(Exercise goal) Will you quote all of the entries, word for word?

### Source information

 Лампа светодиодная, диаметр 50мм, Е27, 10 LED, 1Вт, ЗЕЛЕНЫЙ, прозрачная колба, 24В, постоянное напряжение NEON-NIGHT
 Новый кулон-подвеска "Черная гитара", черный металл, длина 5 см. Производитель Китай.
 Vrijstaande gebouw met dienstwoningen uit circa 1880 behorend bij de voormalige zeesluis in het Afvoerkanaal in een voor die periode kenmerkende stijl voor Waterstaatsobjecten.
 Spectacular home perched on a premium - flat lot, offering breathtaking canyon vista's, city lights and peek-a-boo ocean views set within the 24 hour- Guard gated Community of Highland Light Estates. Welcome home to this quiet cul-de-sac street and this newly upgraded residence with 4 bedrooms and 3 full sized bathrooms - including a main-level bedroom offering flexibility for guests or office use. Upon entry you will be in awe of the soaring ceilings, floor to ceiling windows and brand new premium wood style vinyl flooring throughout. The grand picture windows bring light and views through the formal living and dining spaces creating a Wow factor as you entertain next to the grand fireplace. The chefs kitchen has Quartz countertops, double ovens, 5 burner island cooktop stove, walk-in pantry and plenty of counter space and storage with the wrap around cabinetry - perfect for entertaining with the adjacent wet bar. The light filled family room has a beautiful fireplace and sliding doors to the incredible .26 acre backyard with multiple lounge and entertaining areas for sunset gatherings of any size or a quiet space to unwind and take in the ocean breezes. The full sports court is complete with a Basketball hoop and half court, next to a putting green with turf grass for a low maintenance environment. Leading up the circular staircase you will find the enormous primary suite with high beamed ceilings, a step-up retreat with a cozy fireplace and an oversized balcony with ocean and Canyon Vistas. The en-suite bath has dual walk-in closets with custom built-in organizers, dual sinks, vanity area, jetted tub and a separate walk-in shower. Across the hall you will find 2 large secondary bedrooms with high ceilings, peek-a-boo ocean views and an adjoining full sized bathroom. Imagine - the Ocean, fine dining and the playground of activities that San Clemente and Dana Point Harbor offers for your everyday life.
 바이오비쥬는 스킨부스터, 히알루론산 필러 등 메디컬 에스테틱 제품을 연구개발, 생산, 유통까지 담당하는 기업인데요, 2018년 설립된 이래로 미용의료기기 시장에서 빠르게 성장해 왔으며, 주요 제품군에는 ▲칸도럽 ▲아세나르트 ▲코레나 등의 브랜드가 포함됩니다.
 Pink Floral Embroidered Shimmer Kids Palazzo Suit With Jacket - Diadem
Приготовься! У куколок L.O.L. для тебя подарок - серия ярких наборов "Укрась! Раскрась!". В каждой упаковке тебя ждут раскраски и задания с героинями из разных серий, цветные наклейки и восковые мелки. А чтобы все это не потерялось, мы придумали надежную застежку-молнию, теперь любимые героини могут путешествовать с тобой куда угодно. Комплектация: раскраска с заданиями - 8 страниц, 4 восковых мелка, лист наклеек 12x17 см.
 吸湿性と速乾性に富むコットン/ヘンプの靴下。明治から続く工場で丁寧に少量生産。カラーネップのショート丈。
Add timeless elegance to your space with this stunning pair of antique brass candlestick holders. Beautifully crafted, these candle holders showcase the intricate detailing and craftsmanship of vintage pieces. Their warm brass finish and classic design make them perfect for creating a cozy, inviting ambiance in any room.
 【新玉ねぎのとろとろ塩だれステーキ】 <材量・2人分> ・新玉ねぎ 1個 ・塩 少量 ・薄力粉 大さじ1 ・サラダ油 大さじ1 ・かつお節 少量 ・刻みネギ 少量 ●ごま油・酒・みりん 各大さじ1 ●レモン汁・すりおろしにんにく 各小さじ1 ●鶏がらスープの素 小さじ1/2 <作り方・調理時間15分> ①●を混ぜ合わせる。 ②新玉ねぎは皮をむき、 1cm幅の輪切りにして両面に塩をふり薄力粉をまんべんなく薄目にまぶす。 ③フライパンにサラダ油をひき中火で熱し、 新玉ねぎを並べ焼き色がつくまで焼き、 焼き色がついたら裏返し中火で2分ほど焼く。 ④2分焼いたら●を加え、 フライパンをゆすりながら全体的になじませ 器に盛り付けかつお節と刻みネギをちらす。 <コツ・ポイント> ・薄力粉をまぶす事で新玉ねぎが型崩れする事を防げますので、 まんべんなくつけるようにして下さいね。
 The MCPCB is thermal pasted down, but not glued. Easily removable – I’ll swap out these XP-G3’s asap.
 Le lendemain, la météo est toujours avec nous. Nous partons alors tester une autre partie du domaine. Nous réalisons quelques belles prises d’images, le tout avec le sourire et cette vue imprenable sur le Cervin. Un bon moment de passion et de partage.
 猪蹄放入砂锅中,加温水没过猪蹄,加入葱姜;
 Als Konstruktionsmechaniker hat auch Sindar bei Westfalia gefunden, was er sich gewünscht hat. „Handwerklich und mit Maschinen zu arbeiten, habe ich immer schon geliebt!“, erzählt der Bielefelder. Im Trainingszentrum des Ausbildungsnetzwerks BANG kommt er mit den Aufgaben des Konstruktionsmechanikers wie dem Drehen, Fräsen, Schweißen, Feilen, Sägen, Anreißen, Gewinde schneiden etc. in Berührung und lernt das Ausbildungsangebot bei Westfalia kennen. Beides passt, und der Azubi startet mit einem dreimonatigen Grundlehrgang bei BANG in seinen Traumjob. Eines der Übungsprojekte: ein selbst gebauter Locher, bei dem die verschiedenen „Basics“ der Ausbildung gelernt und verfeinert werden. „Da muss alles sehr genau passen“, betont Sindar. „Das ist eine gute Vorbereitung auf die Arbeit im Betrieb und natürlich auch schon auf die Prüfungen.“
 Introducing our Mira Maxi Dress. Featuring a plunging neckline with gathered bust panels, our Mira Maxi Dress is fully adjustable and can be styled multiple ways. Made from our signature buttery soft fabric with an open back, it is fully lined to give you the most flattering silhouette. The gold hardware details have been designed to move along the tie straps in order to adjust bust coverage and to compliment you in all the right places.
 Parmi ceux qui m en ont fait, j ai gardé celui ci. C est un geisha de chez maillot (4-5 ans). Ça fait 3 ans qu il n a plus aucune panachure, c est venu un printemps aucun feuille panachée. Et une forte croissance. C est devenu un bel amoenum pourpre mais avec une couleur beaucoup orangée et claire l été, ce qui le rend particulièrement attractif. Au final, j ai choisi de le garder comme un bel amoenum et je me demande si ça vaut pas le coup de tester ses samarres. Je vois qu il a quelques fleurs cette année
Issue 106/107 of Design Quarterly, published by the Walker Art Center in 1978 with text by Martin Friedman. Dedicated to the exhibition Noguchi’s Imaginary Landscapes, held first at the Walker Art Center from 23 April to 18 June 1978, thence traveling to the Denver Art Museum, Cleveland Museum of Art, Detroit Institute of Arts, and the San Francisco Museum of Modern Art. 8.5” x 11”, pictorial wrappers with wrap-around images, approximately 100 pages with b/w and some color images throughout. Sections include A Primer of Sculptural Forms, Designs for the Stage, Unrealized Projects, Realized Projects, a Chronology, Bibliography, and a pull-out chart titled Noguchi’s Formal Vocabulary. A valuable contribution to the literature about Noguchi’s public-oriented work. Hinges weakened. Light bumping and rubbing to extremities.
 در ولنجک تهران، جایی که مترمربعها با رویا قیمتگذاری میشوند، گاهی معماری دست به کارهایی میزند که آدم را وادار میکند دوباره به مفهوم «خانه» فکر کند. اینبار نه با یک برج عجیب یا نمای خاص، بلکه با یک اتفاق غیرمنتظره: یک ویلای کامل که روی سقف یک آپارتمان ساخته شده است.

######

(Exercise answer)
 Лампа светодиодная, диаметр 50мм, Е27, 10 LED, 1Вт, ЗЕЛЕНЫЙ, прозрачная колба, 24В, постоянное напряжение NEON-NIGHT
 Новый кулон-подвеска "Черная гитара", черный металл, длина 5 см. Производитель Китай.
 Vrijstaande gebouw met dienstwoningen uit circa 1880 behorend bij de voormalige zeesluis in het Afvoerkanaal in een voor die periode kenmerkende stijl voor Waterstaatsobjecten.
 Spectacular home perched on a premium - flat lot, offering breathtaking canyon vista's, city lights and peek-a-boo ocean views set within the 24 hour- Guard gated Community of Highland Light Estates. Welcome home to this quiet cul-de-sac street and this newly upgraded residence with 4 bedrooms and 3 full sized bathrooms - including a main-level bedroom offering flexibility for guests or office use. Upon entry you will be in awe of the soaring ceilings, floor to ceiling windows and brand new premium wood style vinyl flooring throughout. The grand picture windows bring light and views through the formal living and dining spaces creating a Wow factor as you entertain next to the grand fireplace. The chefs kitchen has Quartz countertops, double ovens, 5 burner island cooktop stove, walk-in pantry and plenty of counter space and storage with the wrap around cabinetry - perfect for entertaining with the adjacent wet bar. The light filled family room has a beautiful fireplace and sliding doors to the incredible .26 acre backyard with multiple lounge and entertaining areas for sunset gatherings of any size or a quiet space to unwind and take in the ocean breezes. The full sports court is complete with a Basketball hoop and half court, next to a putting green with turf grass for a low maintenance environment. Leading up the circular staircase you will find the enormous primary suite with high beamed ceilings, a step-up retreat with a cozy fireplace and an oversized balcony with ocean and Canyon Vistas. The en-suite bath has dual walk-in closets with custom built-in organizers, dual sinks, vanity area, jetted tub and a separate walk-in shower. Across the hall you will find 2 large secondary bedrooms with high ceilings, peek-a-boo ocean views and an adjoining full sized bathroom. Imagine - the Ocean, fine dining and the playground of activities that San Clemente and Dana Point Harbor offers for your everyday life.
 바이오비쥬는 스킨부스터, 히알루론산 필러 등 메디컬 에스테틱 제품을 연구개발, 생산, 유통까지 담당하는 기업인데요, 2018년 설립된 이래로 미용의료기기 시장에서 빠르게 성장해 왔으며, 주요 제품군에는 ▲칸도럽 ▲아세나르트 ▲코레나 등의 브랜드가 포함됩니다.
 Pink Floral Embroidered Shimmer Kids Palazzo Suit With Jacket - Diadem
Приготовься! У куколок L.O.L. для тебя подарок - серия ярких наборов "Укрась! Раскрась!". В каждой упаковке тебя ждут раскраски и задания с героинями из разных серий, цветные наклейки и восковые мелки. А чтобы все это не потерялось, мы придумали надежную застежку-молнию, теперь любимые героини могут путешествовать с тобой куда угодно. Комплектация: раскраска с заданиями - 8 страниц, 4 восковых мелка, лист наклеек 12x17 см.
 吸湿性と速乾性に富むコットン/ヘンプの靴下。明治から続く工場で丁寧に少量生産。カラーネップのショート丈。
Add timeless elegance to your space with this stunning pair of antique brass candlestick holders. Beautifully crafted, these candle holders showcase the intricate detailing and craftsmanship of vintage pieces. Their warm brass finish and classic design make them perfect for creating a cozy, inviting ambiance in any room.
 【新玉ねぎのとろとろ塩だれステーキ】 <材量・2人分> ・新玉ねぎ 1個 ・塩 少量 ・薄力粉 大さじ1 ・サラダ油 大さじ1 ・かつお節 少量 ・刻みネギ 少量 ●ごま油・酒・みりん 各大さじ1 ●レモン汁・すりおろしにんにく 各小さじ1 ●鶏がらスープの素 小さじ1/2 <作り方・調理時間15分> ①●を混ぜ合わせる。 ②新玉ねぎは皮をむき、 1cm幅の輪切りにして両面に塩をふり薄力粉をまんべんなく薄目にまぶす。 ③フライパンにサラダ油をひき中火で熱し、 新玉ねぎを並べ焼き色がつくまで焼き、 焼き色がついたら裏返し中火で2分ほど焼く。 ④2分焼いたら●を加え、 フライパンをゆすりながら全体的になじませ 器に盛り付けかつお節と刻みネギをちらす。 <コツ・ポイント> ・薄力粉をまぶす事で新玉ねぎが型崩れする事を防げますので、 まんべんなくつけるようにして下さいね。
 The MCPCB is thermal pasted down, but not glued. Easily removable – I’ll swap out these XP-G3’s asap.
 Le lendemain, la météo est toujours avec nous. Nous partons alors tester une autre partie du domaine. Nous réalisons quelques belles prises d’images, le tout avec le sourire et cette vue imprenable sur le Cervin. Un bon moment de passion et de partage.
 猪蹄放入砂锅中,加温水没过猪蹄,加入葱姜;
 Als Konstruktionsmechaniker hat auch Sindar bei Westfalia gefunden, was er sich gewünscht hat. „Handwerklich und mit Maschinen zu arbeiten, habe ich immer schon geliebt!“, erzählt der Bielefelder. Im Trainingszentrum des Ausbildungsnetzwerks BANG kommt er mit den Aufgaben des Konstruktionsmechanikers wie dem Drehen, Fräsen, Schweißen, Feilen, Sägen, Anreißen, Gewinde schneiden etc. in Berührung und lernt das Ausbildungsangebot bei Westfalia kennen. Beides passt, und der Azubi startet mit einem dreimonatigen Grundlehrgang bei BANG in seinen Traumjob. Eines der Übungsprojekte: ein selbst gebauter Locher, bei dem die verschiedenen „Basics“ der Ausbildung gelernt und verfeinert werden. „Da muss alles sehr genau passen“, betont Sindar. „Das ist eine gute Vorbereitung auf die Arbeit im Betrieb und natürlich auch schon auf die Prüfungen.“
 Introducing our Mira Maxi Dress. Featuring a plunging neckline with gathered bust panels, our Mira Maxi Dress is fully adjustable and can be styled multiple ways. Made from our signature buttery soft fabric with an open back, it is fully lined to give you the most flattering silhouette. The gold hardware details have been designed to move along the tie straps in order to adjust bust coverage and to compliment you in all the right places.
 Parmi ceux qui m en ont fait, j ai gardé celui ci. C est un geisha de chez maillot (4-5 ans). Ça fait 3 ans qu il n a plus aucune panachure, c est venu un printemps aucun feuille panachée. Et une forte croissance. C est devenu un bel amoenum pourpre mais avec une couleur beaucoup orangée et claire l été, ce qui le rend particulièrement attractif. Au final, j ai choisi de le garder comme un bel amoenum et je me demande si ça vaut pas le coup de tester ses samarres. Je vois qu il a quelques fleurs cette année
Issue 106/107 of Design Quarterly, published by the Walker Art Center in 1978 with text by Martin Friedman. Dedicated to the exhibition Noguchi’s Imaginary Landscapes, held first at the Walker Art Center from 23 April to 18 June 1978, thence traveling to the Denver Art Museum, Cleveland Museum of Art, Detroit Institute of Arts, and the San Francisco Museum of Modern Art. 8.5” x 11”, pictorial wrappers with wrap-around images, approximately 100 pages with b/w and some color images throughout. Sections include A Primer of Sculptural Forms, Designs for the Stage, Unrealized Projects, Realized Projects, a Chronology, Bibliography, and a pull-out chart titled Noguchi’s Formal Vocabulary. A valuable contribution to the literature about Noguchi’s public-oriented work. Hinges weakened. Light bumping and rubbing to extremities.
 در ولنجک تهران، جایی که مترمربعها با رویا قیمتگذاری میشوند، گاهی معماری دست به کارهایی میزند که آدم را وادار میکند دوباره به مفهوم «خانه» فکر کند. اینبار نه با یک برج عجیب یا نمای خاص، بلکه با یک اتفاق غیرمنتظره: یک ویلای کامل که روی سقف یک آپارتمان ساخته شده است.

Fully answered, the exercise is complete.